Provide an exact copy of the data, excluding the images.

### Stored data
▼▼▼

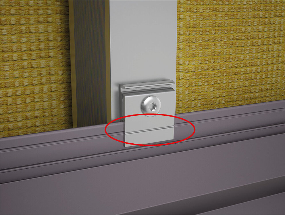 Ujistěte se, že příponka na nosný profil dosedá vždy celou plochou a že zapuštěné rýhy příponky a profilu jsou navzájem přesně zarovnány.
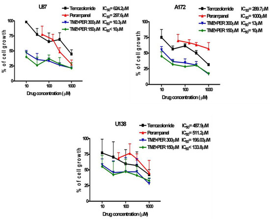 Since temozolomide (an alkylating agent able to cross the blood-brain barrier) is widely used in the clinical treatment of GBM, we examined whether perampanel displayed a favorable interaction with temozolomide, using cell growth inhibition assays. U87, U138, and A172 cells were pre-treated for 1 h with perampanel and then exposed to increasing concentrations of temozolomide for an additional 72 h (Figure 4). Sensitivity to TMZ alone was in the high micromolar range, the A172 cell line being the most sensitive.
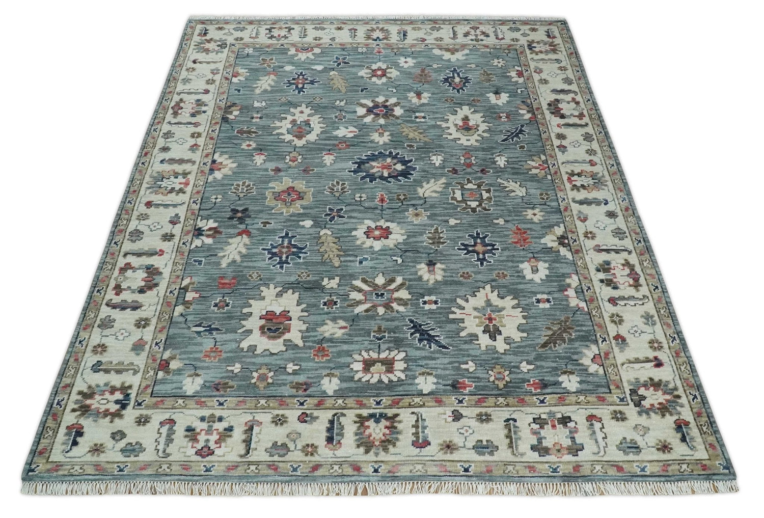 Antique look Gray Silver, Ivory and Beige Hand Knotted Traditional Oushak custom Made Wool Area Rug

▲▲▲

### Response box
 Ujistěte se, že příponka na nosný profil dosedá vždy celou plochou a že zapuštěné rýhy příponky a profilu jsou navzájem přesně zarovnány.
 Since temozolomide (an alkylating agent able to cross the blood-brain barrier) is widely used in the clinical treatment of GBM, we examined whether perampanel displayed a favorable interaction with temozolomide, using cell growth inhibition assays. U87, U138, and A172 cells were pre-treated for 1 h with perampanel and then exposed to increasing concentrations of temozolomide for an additional 72 h (Figure 4). Sensitivity to TMZ alone was in the high micromolar range, the A172 cell line being the most sensitive.
 Antique look Gray Silver, Ivory and Beige Hand Knotted Traditional Oushak custom Made Wool Area Rug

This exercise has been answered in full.